Personalized medicine proposes the customization of healthcare, with decisions and practices being tailored to the individual patient by use of patient-specific information and/or the application of patient-specific cell-based therapies.
The BioBlood project aims to deliver personalised healthcare through a “step change” in the clinical field of haemato-oncology. BioBlood represents an engineered bio-inspired integrated experimental/modelling platform for normal and abnormal haematopoiesis that receives disease & patient input (patient primary cells & patient/disease-specific data) and will produce cellular (red blood cell product) and drug (optimal drug treatment) therapies as its output.
Blood supply to meet demand (through blood donation registries) is the primary challenge for blood banks internationally and requires significant resources to avoid shortages and ensure safety. An alternative, practical and cost-effective solution to conventional allogeneic donated blood is essential to reduce patient morbidity and mortality, stabilise and guarantee the donor supply, limit multiple donor exposures, reduce risk of infection of known or as yet unidentified pathogens, and ensure a robust and safe turn-around for blood supply management. BioBlood aims to meet this engineering & healthcare challenge by developing a novel in vitro platform for the mass production of red blood cells (RBCs) for clinical use.
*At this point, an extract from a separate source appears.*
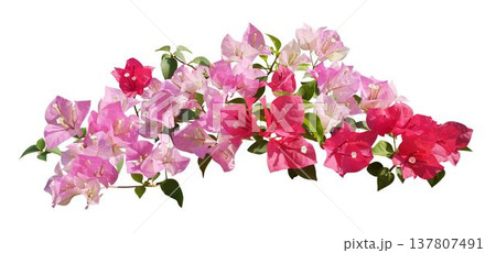 Beautiful red bougainvillea flower with leaves on white background. Summer background concept.

More than $50b (£32b) is spent annually by large pharmaceutical companies to develop and bring new drugs to market, a process which on average takes 13.5 years (in 2007). Most patients diagnosed with leukaemias are unable to tolerate traditional chemotherapy treatments and would particularly benefit from novel agents coming to market – a long, complex and expensive process in its current form. There is therefore a need to optimise current treatment schedules for cancers such as AML to limit toxicities and to improve clinical trial pathways for new drugs to enable personalised healthcare. BioBlood’s integrated (in vitro & in silico) platform would be a powerful tool for clinicians to tailor treatments in a patient-specific and leukaemia-specific chemotherapy schedule by taking into consideration the level of toxicity to the specific individual and treatment efficiency for the specific leukaemia a priori. It would facilitate the systematic design of optimal chemotherapy protocols and enable pharmaceutical companies developing drugs to bring novel therapies to market quicker by expediting clinical trials.